The most common use case for Artificial Intelligence (AI) in enterprise applications is about integrating with Large Language Models (LLMs) in some way or another. This article explores how you can do that in your new or existing Jakarta EE applications.
Even if there is no specific Jakarta EE specification for Artificial Intelligence, it does not lack for support. One of the greatest advantages of Jakarta EE is how easy it is to integrate with other technologies. When it comes to AI in enterprise applications, there are a couple of alternatives available. LangChain4J has established itself as more or less the industry standard for integrating with AI in Java. A subproject of LangChain4J is LangChain4J-CDI, which is an enterprise CDI extension for LangChain4J that provides seamless integration between LangChain4J and CDI.
An alternative to LangChain4J-CDI is OmniHai. OmniHai provides a consistent, simple API for integrating with AI providers. It can be used with or without CDI. The difference between them is that while LangChain4J is more or less a comprehensive framework for AI integration, OmiHai is a simplistic, lightweight utility API.
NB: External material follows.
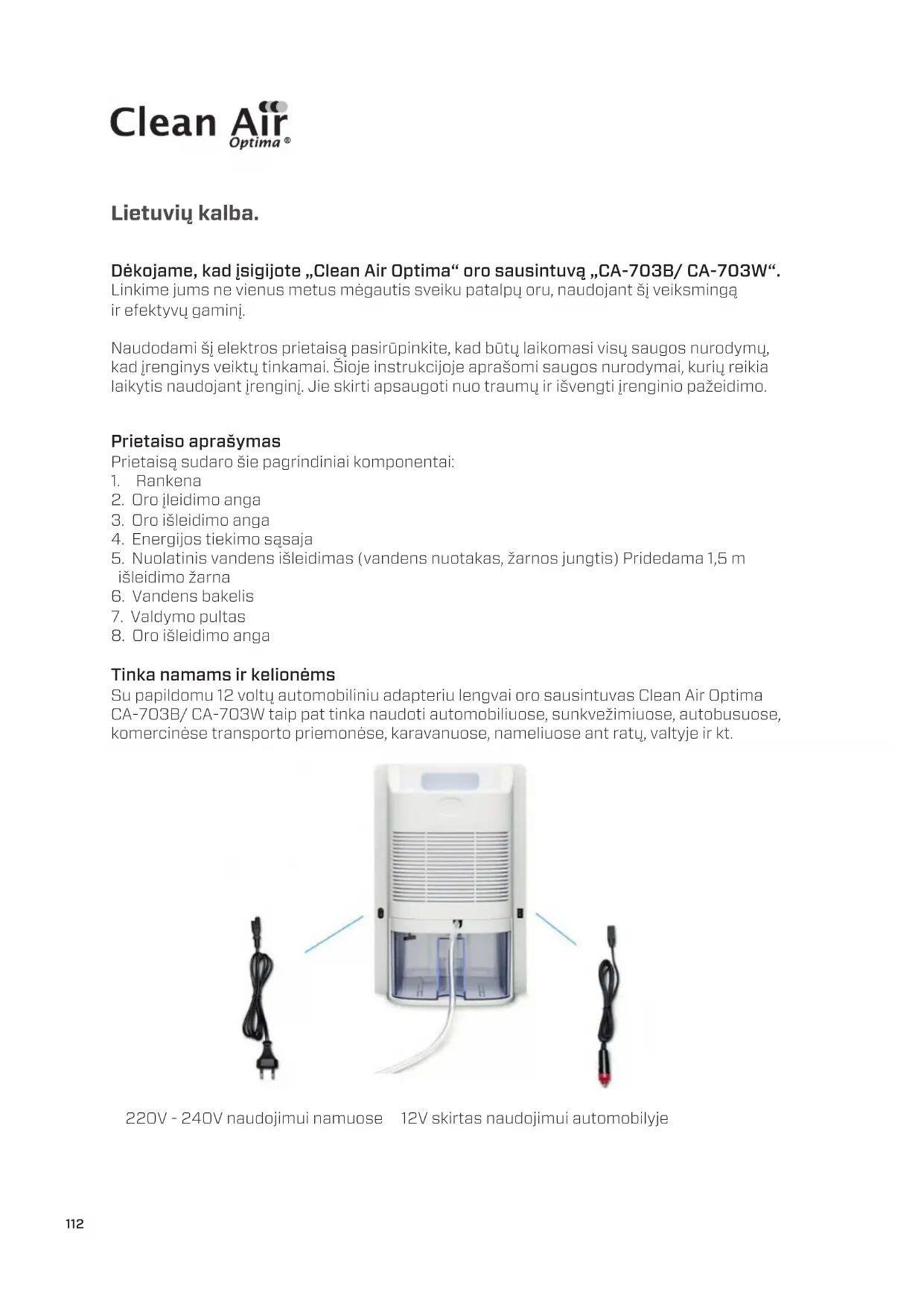 Dékojame, kad jsigijote „Clean Air Optima“ oro sausintuva „CA-703B/ CA-703W". Linkime jums ne vienus metus megautis sveiku patalpu oru, naudojant ši veiksminga ir efektyvu gaminj.

The common denominator between these two alternatives is how well they leverage CDI Extensions to integrate with Jakarta EE and provide the programming model Jakarta EE developers are familiar with.
Here is a simple example using LangChain4J CDI to define a simple AI service that is given a simple tool to find the user’s date and time.
@RegisterAIService(tools = {SimpleTool.class})
public interface SimpleToolAiService {
@SystemMessage("You are a helpful assistant.")
String chat(String message);
}
public class SimpleTool {
@Tool("Get the current date and time in the user's timezone")
String getCurrentDateTime() {
return LocalDateTime.now()
.toString();
}
}
The SimpleToolAIService can then be used in your application by injecting it as a CDI bean as shown below.
public class MyApp {
@Inject
private SimpleToolAiService aiService;
// …
}
AI Capable with Jakarta EE 11
There are also other alternatives for integrating with AI from Jakarta EE applications. In fact, any Java library can be used. It is even possible to use Spring AI in Jakarta EE. These libraries can be used directly as is, or be made available for Jakarta EE developers by leveraging the extensibility mechanisms of CDI. So it is safe to say that Jakarta EE is fully capable of offering enterprise-grade integration with AI today.

AI Ready with Jakarta EE 12
Looking forward, the next versions of Jakarta EE will provide even better support for AI integration in enterprise applications. Jakarta EE 12, which is currently being developed, will provide standardised support for NoSQL through the Jakarta NoSQL specification (*). Support for NoSQL data sources is convenient for Retrieval Augmented Generation (RAG). Particularly, vector databases are well-suited for this.
(*) Discussions regarding the inclusion of Jakarta NoSQL in Jakarta EE 12 are currently ongoing.
Full AI support with Jakarta EE 13
The Jakarta Agentic Artificial Intelligence Specification will provide a set of vendor-neutral APIs that make it easy, consistent, and reliable to build, deploy, and run AI agents on Jakarta EE runtimes. This specification is expected to be included in Jakarta EE 13. Work on this version will start as soon as Jakarta EE 12 is ready. With the current two-year release cadence, Jakarta EE 13 can be expected in 2028.
ULTRA AI with Jakarta EE 14
Looking further into the future than the above is probably going to be closer to wild guesses than reality. Especially considering the speed at which this particular field is currently advancing. But it is safe to say that there will be extensive support for AI in Jakarta EE 14. And that support will be enterprise-grade, stable, and robust, just like all Jakarta EE specifications. It is not always about being first. Sometimes it is better to stand on the shoulders of others and build on the collective knowledge gained through experimentation.
Conclusion
By using libraries available, either in combination with CDI or directly, developers can easily integrate with AI systems in their Jakarta EE enterprise applications. The extensibility, power, and simplicity of CDI make this a powerful combination. You can rely on the robustness and flexibility of Jakarta EE while using the tools and libraries needed for the modern enterprise. Future versions of Jakarta EE will provide more native support, thus providing an even smoother experience.